# Maintenance for 2 kids from a musician



## bohemian (19 Jul 2013)

Hi everyone,
I would like to ask you please for advice.
I am a mother of 2 kids, living on a lone parent payment.
My ex-partner is a self-employed musician.

We are separated for 5 years now and I have tried to have a verbal agreement regarding the maintenance for our kids, rather then going to court.
However, now that the kids started going to school and my payments have been reduced to bare minimum, I am really finding myself struggling.
I am getting a maintenance of 400 euro a month (50 euro a week per child).
However that always gets used on some bills, and during the winter times on oil and coal. I cannot get a full-time work, cause I wouldn't be able to afford a childcare and don't have a family to help out, plus I have health problems with my immune system, so am on a treatment. He is always out doing gigs, rehearsals etc. and moaning he has no money.
However, he lives in his mothers house and he spends his nights drinking.

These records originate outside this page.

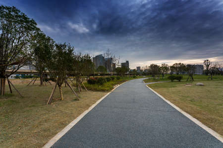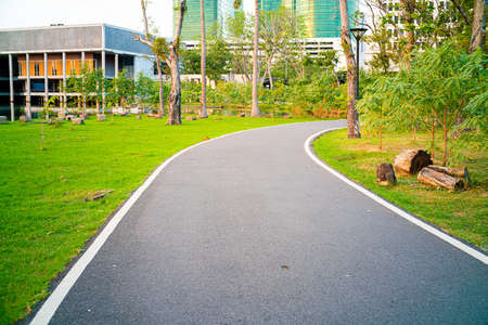 Empty asphalt walking running park road in city sunset green grass nature outdoor
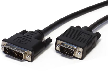 Le cordon DVI mâle vers HD15 VGA mâle est un câble de raccordement bidirectionnel permettant de connecter un écran DVI sur un port VGA ou un écran VGA sur un port DVI. Il nécessite un port DVI de type I supportant le signal numérique et analogique (avec picots autour de la lamelle), garantissant une compatibilité avec les cartes graphiques équipées de ce type de port.
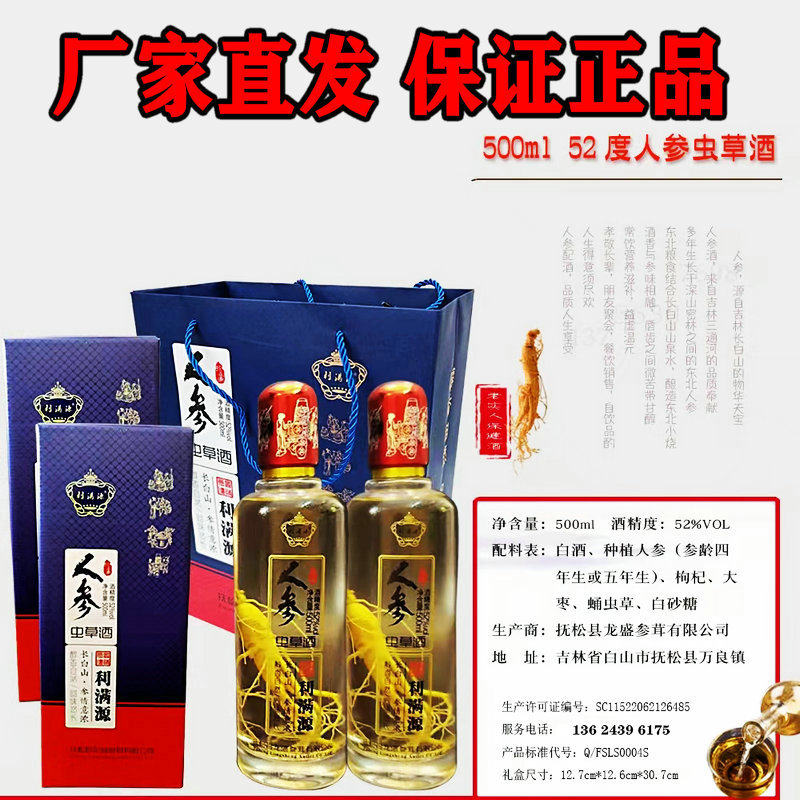 📚 人参枸杞酒52度 纯粮食酒人参虫草酒礼盒单瓶500ml红枣滋补养生酒

I am having social workers now helping out a little bit and was told to go to free mediator to get the maintenance sorted.
I am really scared, because how can I prove them he has an income, when 90 % of his income is paid by cash?
He will sit there and will complain he is broke (and i know it's not true)

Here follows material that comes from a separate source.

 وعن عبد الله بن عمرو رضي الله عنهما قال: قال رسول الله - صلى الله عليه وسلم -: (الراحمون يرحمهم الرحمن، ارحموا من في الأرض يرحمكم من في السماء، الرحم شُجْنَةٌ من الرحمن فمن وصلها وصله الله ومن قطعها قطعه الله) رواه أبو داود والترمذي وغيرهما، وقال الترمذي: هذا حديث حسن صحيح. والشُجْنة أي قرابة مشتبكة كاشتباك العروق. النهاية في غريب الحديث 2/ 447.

I am not asking for any huge amount, but I think 500 month would give me a bit of relief.
Or for how much should I be asking him for?

Any thoughts, please?


----------



## bohemian (19 Jul 2013)

oh, I should ad that he is getting 100 euro a week from social welfare, which is exactly the money he is paying us, so he just hands them over to me. However, he refuses to ad a little more from his own pocket.


----------



## TommyB (19 Jul 2013)

I know a few musicians like that and it is as you say. Sickening really. The dole is their pocketmoney and they pick up enough playing gigs. I think it would be very, very hard to prove income. You might need a PI to take note of all the gigs he plays over a few months and try use an industry person to calculate the expected pay.


----------